A fundamental theory based on the Monte Carlo \textit{Time Sequential Procedure} for the range fluctuations of high energy muons

TL;DR

This paper introduces a fundamental Monte Carlo-based method for analyzing the range fluctuations of high energy muons, comparing it with existing methods and highlighting its potential for improved energy estimation in KM3 physics.

Contribution

It revives and extends Takahashi et al.'s stochastic process method for muon range analysis, providing a new fundamental approach applicable to future KM3 physics experiments.

Findings

Our method produces similar survival probabilities to Lipari and Stanev's in some regions.

It reveals deviations from Lipari and Stanev's results in other regions.

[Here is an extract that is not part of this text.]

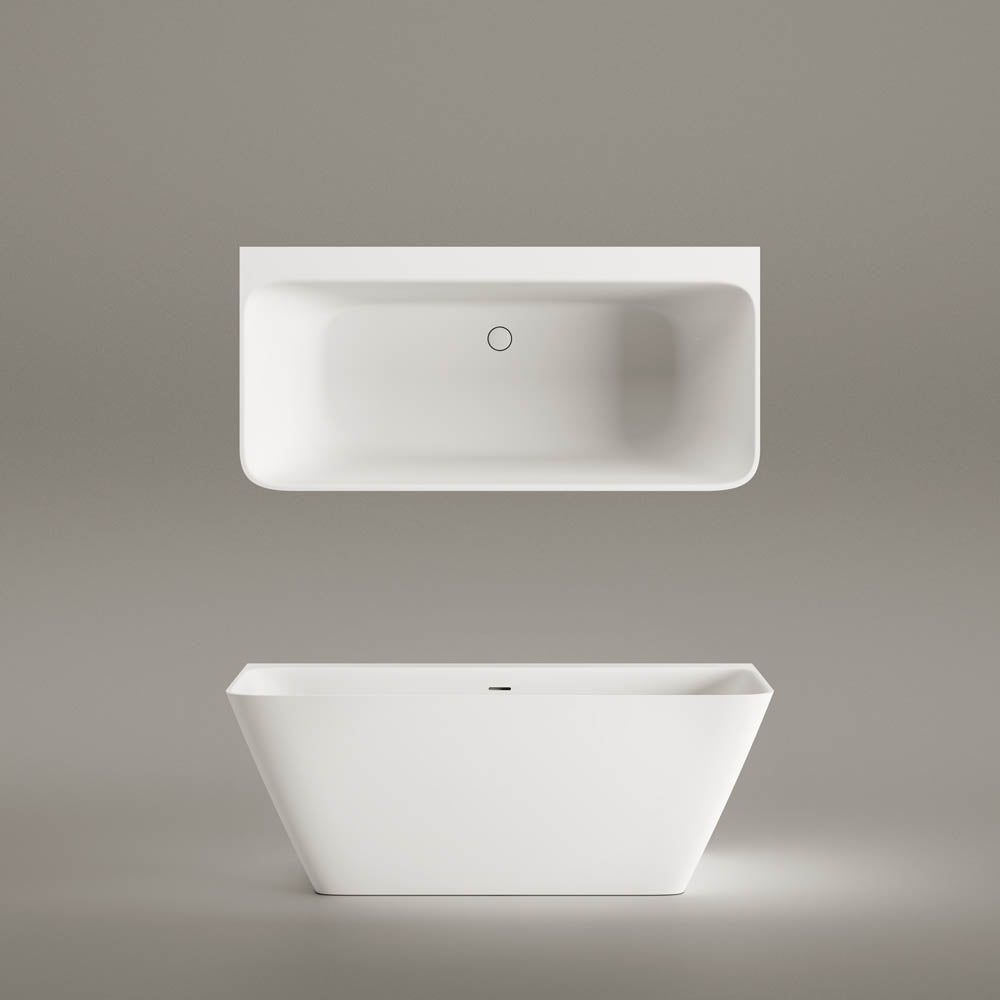 Ein echtes Highlight im Badezimmer, der durch sein elegantes eckiges Design überzeugt. Die freistehende Badewanne mit Rückwand bietet ein Fassungsvermögen von 240 Litern. Dank mittigem Ablauf und der komfortablen Liegeposition bietet die Badewanne ein hervorragendes Badeerlebnis.

The method offers improved treatment of Cherenkov light spectra for muon energy estimation.

Abstract

Lipari and Stanev developed a method for range fluctuation of high energy muons, stressing the importance of accounting for the fluctuations of the energy loss in radiative processes in 1991 and, now, their method has become the basement for the energy determination of high energy muons through the measurement of the Cherenkov light yields due to those muons in KM3 physics. Once, Takahashi et al. developed a method for the investigation on the depth intensity relation of high energy muons in which all the stochastic processes concerned are taken into account exactly (1983). Now, we make the method by Takahashi et al. revival for the same purpose of the application to the analysis of future KM3 physics. In the present paper, our concern is restricted to the introduction to the fundamental of our method and some subsequent results thereby in which the real simulated behaviors of high energy muons from $10^{12}$eV to $10^{18}$eV, the survival probabilities of high energy and so on are included. The discussion around the practical application of our method to the KM3 physics is entrusted in the subsequent papers. As far as the survival probability of high energy muons is concerned, our method gives nearly the same results to Lipari and Stanev's in some regions and gives the deviated results from theirs in another ones. Thus, we examine the application limit of their method and clarify the reason why, comparing with our method. The most distinct difference in the both methods may become apparent in the treatment on the Cherenkov light yields spectrum by which one may estimate the energies of the muons concerned. We will mention to them in subsequent papers.